In his last plea, might-have-been presidential candidate and former banker Viktar Babaryka has not pleaded guilty to the crimes he was accused of.
“Although my confessing to crimes I never commited would have been more right in terms of presumable benefits, I cannot confess to crimes that I did not commit,” the politician said in court on Monday.
During his being head of Belgazprombank, ‘even a hint of the opportunity to commit unlawful acts was disallowed, to say nothing of any wrongdoing or coercion,’ Babaryka stressed.
“I know that a lot of people who helped us at the campaign office – volunteers, members of the initiative group and others – continued what was started, continued to work. I would not call it ‘struggle’, because it is a life, it is part of their lives they devote to building the new Belarus which we keep talking about,” the defendant said.
The verdict on Babaryka and other persons involved in the Belgazprombank case is to be passed on July 6.
In February 2021, Viktar Babaryka started to be tried in Minsk. As the case is being considered by the Supreme Court, there will be no opportunity to appeal against the would-be verdict. Babaryka’s lawyers applied for taking the trial to a lower court, but in vain. He is accused of creating and managing an organized criminal group consisting of his deputies; tax evasion; bribetaking. The investigation believes that Belgazprombank top managers were illegally paid from 2004 to 2020. According to the prosecutor, the size of fees ranged from $10-15 thousand to $300 thousand or more.
Public prosecutor Syarhei Hirhel demanded Babaryka be sentenced to the maximum possible term of imprisonment – 15 years in a medium security penal colony. The prosecutor also proposed to impose a fine of 145,000 Belarusian rubles on the politician and deprive him of the right to hold leadership positions.
Viktar Babaryka was standing a good chance to win the 2020 presidential election in Belarus, but he was taken into custody and barred from running for presidency. The former head of Belgazprombank and his son Eduard (head of his campaign office) have been behind bars for one year.
On 18 June 2020, the two Babarykas were arrested, interrogated at the Financial Investigations Department (defence lawyers were not allowed to be present) and taken to the notorious KGB prison Amerykanka; their house and flat were searched. Then, according to official reports, they were not involved in the Belgazprombank case which was in full swing then.

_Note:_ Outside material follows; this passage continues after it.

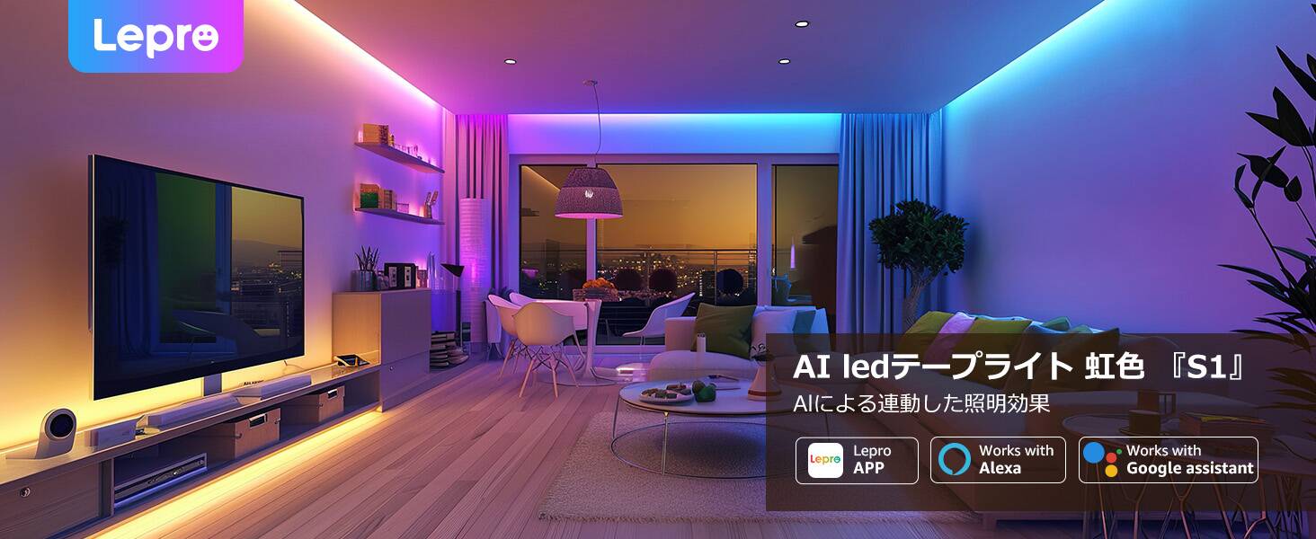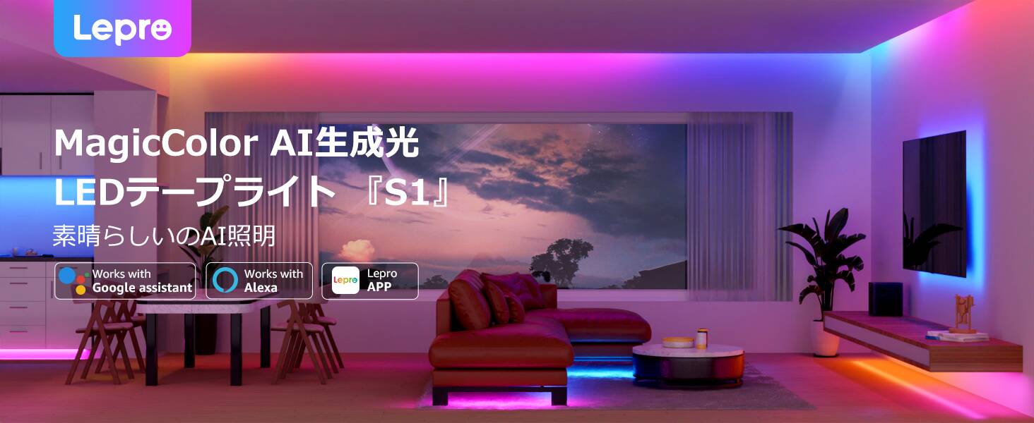 Lepro S1 スマート ledテープライト 5m AI照明デザイン アシスタント AI生成光 虹色 流れる 音楽連動 Alexa対応 間接照明

At first, the committee said that Viktar Babaryka had ‘no procedural status in the investigation of the criminal case’.
A week earlier, on June 11, officers of the Financial Investigations Department (part of the State Control Committee) came to the head office of Belgazprombank. The department opened a criminal case under Art. 243-2 (large-scale tax evasion) and Art. 235-2 (legalisation of particularly large sums of money obtained through crime). Over a dozen top managers and bank employees were arrested as part of the case. Then Belarusian authorities established the provisional administration in order to ‘protect the interests of depositors and creditors’ of the bank. Viktar Babaryka called placing the bank under the state’s control ‘forcible takeover’.
Alyaksandr Lukashenka hinted at initiating a case against Babaryka two weeks before his detention by publicly instructing his services to ‘paw through the big-bellied bourgeoisie”, but a bit later he stated he was not going to turn Babaryka into ‘a prisoner of conscience’. In turn, the former banker submitted an appeal to the CEC, pointing out the facts of Lukashenka’s alleged violations of the law, but election officials refused to issue a warning to the Belarusian leader.
As reported earlier, presidential hopeful Viktar Babaryka had been Chairman of Belgazprombank Board since 2000. On 12 May 2020, when he revealed his presidential ambitions, he voluntarily resigned from his senior management job. Belgazprombank’s main shareholders from the Russian side are Gazprom and Gazprombank; in this view, Babaryka is often faulted for allegedly being linked to Moscow. At the same time, the prospective candidate has repeatedly put an emphasis on his being Belarusian. In his opinion, it is impossible to build an independent state when there is no solid foundation, i.e. culture and national identity.
Although over 430,000 Belarusians put their signatures for his nomination, the Belarusian Central Election Commission (CEC) refused to register Babaryka as a presidential candidate.
The Belarusian human rights community recognised Viktar and Eduard Babaryka as political prisoners.